Laporan Wartawan Tribunnews.com, Ilham Rian Pratama
TRIBUNNEWS.COM, JAKARTA - Komisi Pemberantasan Korupsi (KPK) sepertinya tidak mau terburu-buru dalam menetapkan kembali eks Wakil Menteri Hukum dan HAM (Wamenkumham) Edward Omar Sharif Hiariej alias Eddy Hiariej sebagai tersangka.
Wakil Ketua KPK Johanis Tanak mengatakan, pihaknya enggan kecolongan lagi apabila Eddy Hiariej kembali mengajukan praperadilan untuk status tersangkanya yang kedua.
Saat ini, lanjut Tanak, para pimpinan, deputi, dan direktur di KPK sedang berdiskusi untuk mengambil langkah ke depannya dalam menangani kasus Eddy Hiariej.
Dia menegaskan bahwa diskusi yang dilakukan tidak asal diskusi.
"Jadi ketika ada putusan praperadilan, maka bisa saja aparat penegak hukum melakukan pemeriksaan kembali, merapikan kembali administrasi yang keliru itu. Nah di KPK ini, kami sedang melakukan penataan kembali, tunggu saja waktunya ada, karena semuanya adalah waktu," kata Tanak kepada wartawan, dikutip Rabu (1/5/2024).
Menurut Tanak, putusan praperadilan hanya bersifat administratif.
Putusan praperadilan tidak menghilangkan perbuatan melawan hukumnya.
"Tidak berarti menghilangkan adanya kalau sekiranya ada kerugian keuangan negara, dan tidak menghilangkan pokoknya, semua unsur-unsur dalam suatu tindak pidana, karena dia hanya bersifat administratif," terangnya.
Tanak memastikan tidak ada kendala dalam memproses kembali Eddy Hiariej sebagai tersangka.

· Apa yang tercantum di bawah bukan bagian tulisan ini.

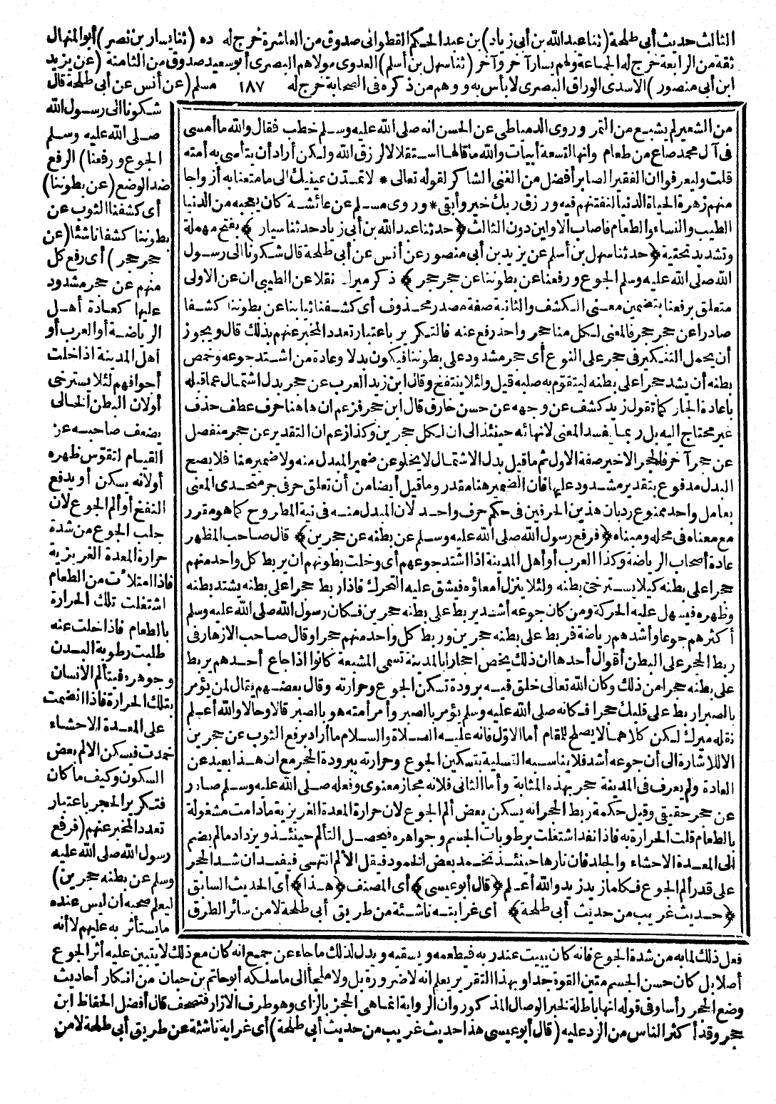 (حَدَّثَنَا عَبْدُ اللَّهِ بْنُ أَبِي زِيَادٍ حَدَّثَنَا سَيَّارٌ) بِفَتْحِ مُهْمَلَةٍ وَتَشْدِيدِ تَحْتِيَّةٍ (حَدَّثَنَا سَهْلُ بْنُ أَسْلَمَ عَنْ يَزِيدَ بْنِ أَبِي مَنْصُورٍ عَنْ أَنَسٍ عَنْ أَبِي طَلْحَةَ قَالَ شَكَوْنَا إِلَى رَسُولِ اللَّهِ - صَلَّى اللَّهُ عَلَيْهِ وَسَلَّمَ - الْجُوعَ وَرَفَعْنَا عَنْ بُطُونِنَا عَنْ حَجَرٍ حَجَرٍ) ذَكَرَ مِيرَكُ نَقْلًا عَنِ الطِّيبِيِّ أَنَّ عَنِ الْأُولَى مُتَعَلِّقٌ بِرَفَعْنَا يَتَضَمَّنُ مَعْنَى الْكَشْفِ وَالثَّانِيَةُ صِفَةُ مَصْدَرٍ مَحْذُوفٍ، أَيْ: كَشَفْنَا ثِيَابَنَا عَنْ بُطُونِنَا كَشْفًا صَادِرًا عَنْ حَجَرٍ حَجَرٍ، فَالْمَعْنَى لَكَ مِنَّا حَجَرٌ وَاحِدٌ رُفِعَ عَنْهُ فَالتَّكْرِيرُ بِاعْتِبَارِ تَعَدُّدِ الْمُخْبِرِ عَنْهُمْ بِذَلِكَ قَالَ: وَيَجُوزُ أَنْ يُحْمَلَ التَّنْكِيرُ فِي حَجَرٍ عَلَى النَّوْعِ أَيْ: حَجَرٍ مَشْدُودٍ عَلَى بُطُونِنَا فَيَكُونُ بَدَلًا، وَعَادَةُ مَنِ اشْتَدَّ جُوعُهُ وَخَمَصَ بَطْنُهُ أَنْ يَشُدَّ حَجَرًا عَلَى بَطْنِهِ لِيَتَقَوَّمَ بِهِ صُلْبُهُ، قِيلَ وَلِئَلَّا يَنْتَفِخَ، وَقَالَ زَيْنُ الْعَرَبِ: عَنْ حَجَرٍ بَدَلُ اشْتِمَالٍ عَمَّا قَبْلَهُ بِإِعَادَةِ الْجَارِّ كَمَا تَقُولُ: زَيْدٌ كَشَفَ عَنْ وَجْهِهِ عَنْ حُسْنٍ خَارِقٍ، قَالَ ابْنُ حَجَرٍ: فَزُعِمَ أَنَّ هَاهُنَا حَرْفَ عَطْفٍ حُذِفَ غَيْرَ مُحْتَاجٍ إِلَيْهِ بَلْ رُبَّمَا يَفْسُدُ الْمَعْنَى لِإِنْهَائِهِ حِينَئِذٍ أَنْ لِكُلٍّ حَجَرَيْنِ، وَكَذَا زُعِمَ أَنَّ التَّقْدِيرَ: عَنْ حَجَرٍ مُنْفَصِلٍ عَنْ حَجَرٍ آخَرَ، فَالْحَجَرُ الْأَخِيرُ صِفَةُ الْأَوَّلِ، ثُمَّ مَا قِيلَ بَدَلُ الِاشْتِمَالِ لَا يَخْلُو عَنْ ضَمِيرِ الْمُبْدَلِ مِنْهُ، وَلَا ضَمِيرَ هُنَا، فَلَا يَصِحُّ الْبَدَلُ مَدْفُوعٌ بِتَقْدِيرِ مَشْدُودٍ عَلَيْهَا فَإِنَّ الضَّمِيرَ هُنَا مُقَدَّرٌ وَمَا قِيلَ أَيْضًا مِنْ أَنَّ تَعَلُّقَ حَرْفَيْ جَرٍّ مُتَّحِدَيِ الْمَعْنَى بِعَامِلٍ وَاحِدٍ مَمْنُوعٌ رُدَّ بِأَنَّ هَذَيْنِ الْحَرْفَيْنِ فِي حُكْمِ حَرْفٍ وَاحِدٍ؛ لِأَنَّ الْمُبْدَلَ مِنْهُ فِي نِيَّةِ الْمَطْرُوحِ كَمَا هُوَ مُقَرَّرٌ مَعَ مَعْنَاهُ فِي مَحَلِّهِ وَمَبْنَاهُ (فَرَفَعَ رَسُولُ اللَّهِ - صَلَّى اللَّهُ عَلَيْهِ وَسَلَّمَ - عَنْ بَطْنِهِ عَنْ حَجَرَيْنِ) قَالَ صَاحِبُ الْمُظْهِرِ: عَادَةُ أَصْحَابِ

Kata dia, KPK sedang mempelajari dengan teliti dan cermat sesuai KUHAP dalam menangani perkara pidana.
"Sehingga nantinya ketika proses hukum dimulai lagi, kalau pun ada praperadilan, praperadilannya ditolak, itulah yang kita harapkan," katanya.
Dalam perkaranya, KPK menetapkan empat tersangka yakni, Eddy Hiariej, asisten pribadinya Yogi Arie Rukmana (YAR), pengacara Yosi Andika Mulyadi (YAM), dan mantan Direktur Utama PT Citra Lampia Mandiri (CLM) Helmut Hermawan (HH).

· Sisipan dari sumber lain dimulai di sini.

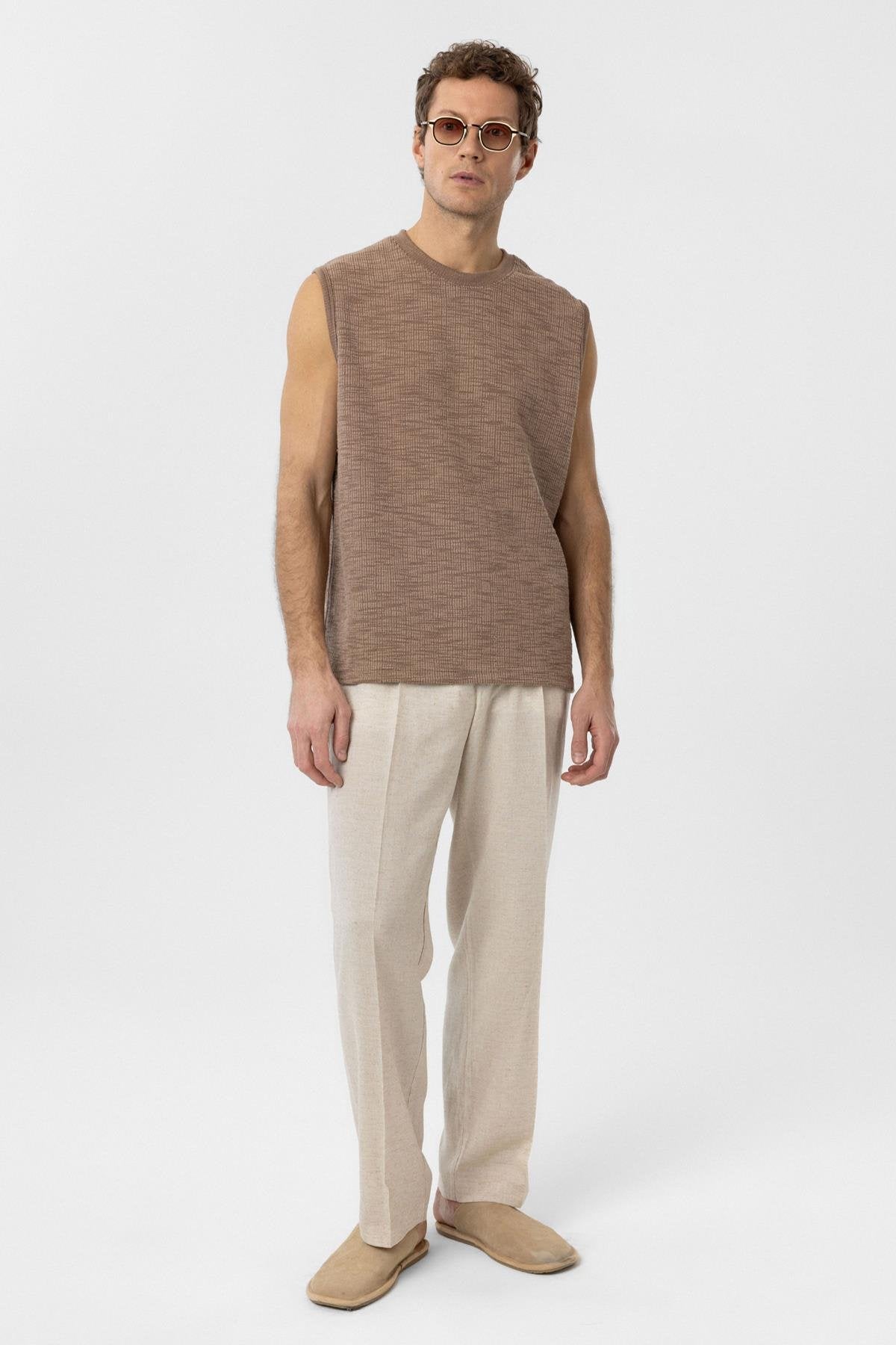 Vizon Regular Fit Dokulu Erkek Kolsuz T Shirt

Eddy Hiariej diduga menerima Rp8 miliar dari Helmut Hermawan.
Uang itu untuk mengurus sengketa status kepemilikan PT CLM, penyetopan kasus di Bareskrim, hingga pencalonan ketua pengurus pusat Persatuan Tenis Seluruh Indonesia (PP Pelti).
Namun, hakim praperadilan Pengadilan Negeri Jakarta Selatan mengabulkan permohonan praperadilan Eddy Hiariej.
Dengan demikian, status tersangka terhadap Eddy Hiariej tidak sah.